More big data and machine learning applications are built on top of the more scalable and cost-effective cloud storages (S3, Azure object store and etc), but trading off the benefit from traditional file systems like caching and data locality due to the separation of storage and compute. Alluxio (www.alluxio.org) is an open-source distributed file system that not only provides distributed applications like Presto and Apache Spark a common and unified data access layer to different data sources but also intelligently manages and places data and metadata closer to computation to improve performance. As a result, applications can seamlessly access multiple different data sources with consistent performance for data and metadata operations. Alluxio is originally a research project named “Tachyon” at UC Berkeley AMPLab.
In this talk, we will focus on Alluxio design, its architecture, data flow and metadata flow. We will dive into the choices in its design space and share the experiences when implementing features like data tiering, storage options and cache eviction policies.
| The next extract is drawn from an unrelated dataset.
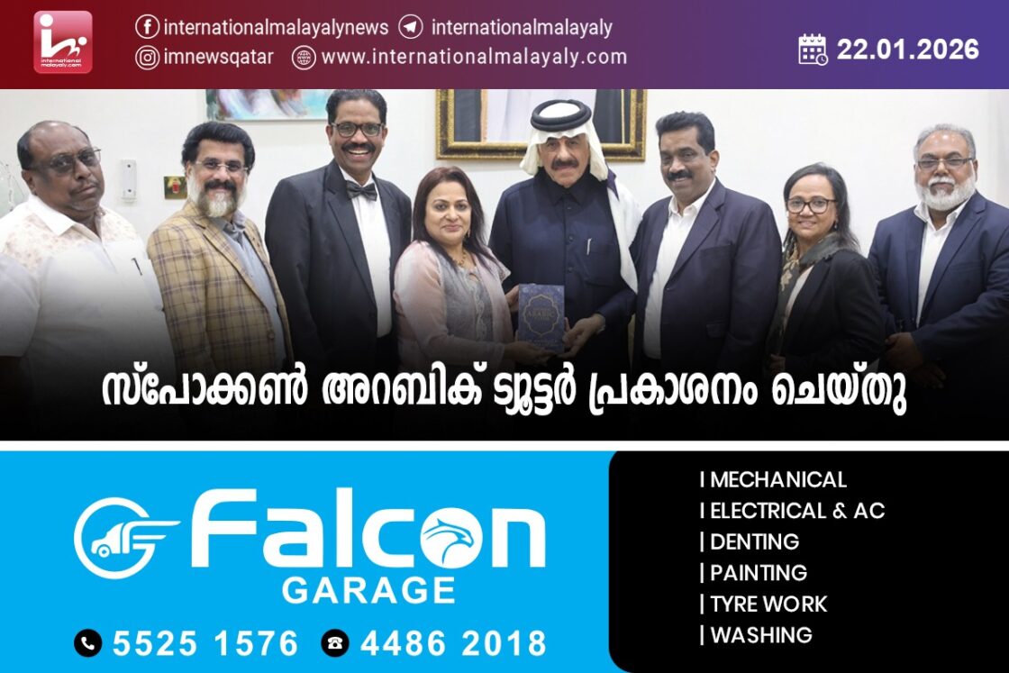 ദോഹ. പ്രവാസ ലോകത്തെ മുതിര്ന്ന മാധ്യമ പ്രവര്ത്തകനും ഗ്രന്ഥകാരനുമായ ഡോ. അമാനുല്ല വടക്കാങ്ങരയുടെ സ്പോക്കണ് അറബിക് ട്യൂട്ടര് പ്രമുഖ ഖത്തരി സംരംഭകനും അല് റഈസ് ഗ്രൂപ്പ് ചെയര്മാനുമായ അഹ് മദ് അല് റഈസ് പ്രകാശനം ചെയ്തു.

We will also share our lessons in design, implementation and operation when working to build an open source distributed storage systems with 900 contributors for 5+ years.
Bin Fan is the founding engineer of Alluxio, Inc. and the PMC member of Alluxio open source project. Prior to Alluxio, he worked for Google to build the next-generation storage infrastructure. Bin received his Ph.D. in Computer Science from Carnegie Mellon University on the design and implementation of distributed systems and algorithms.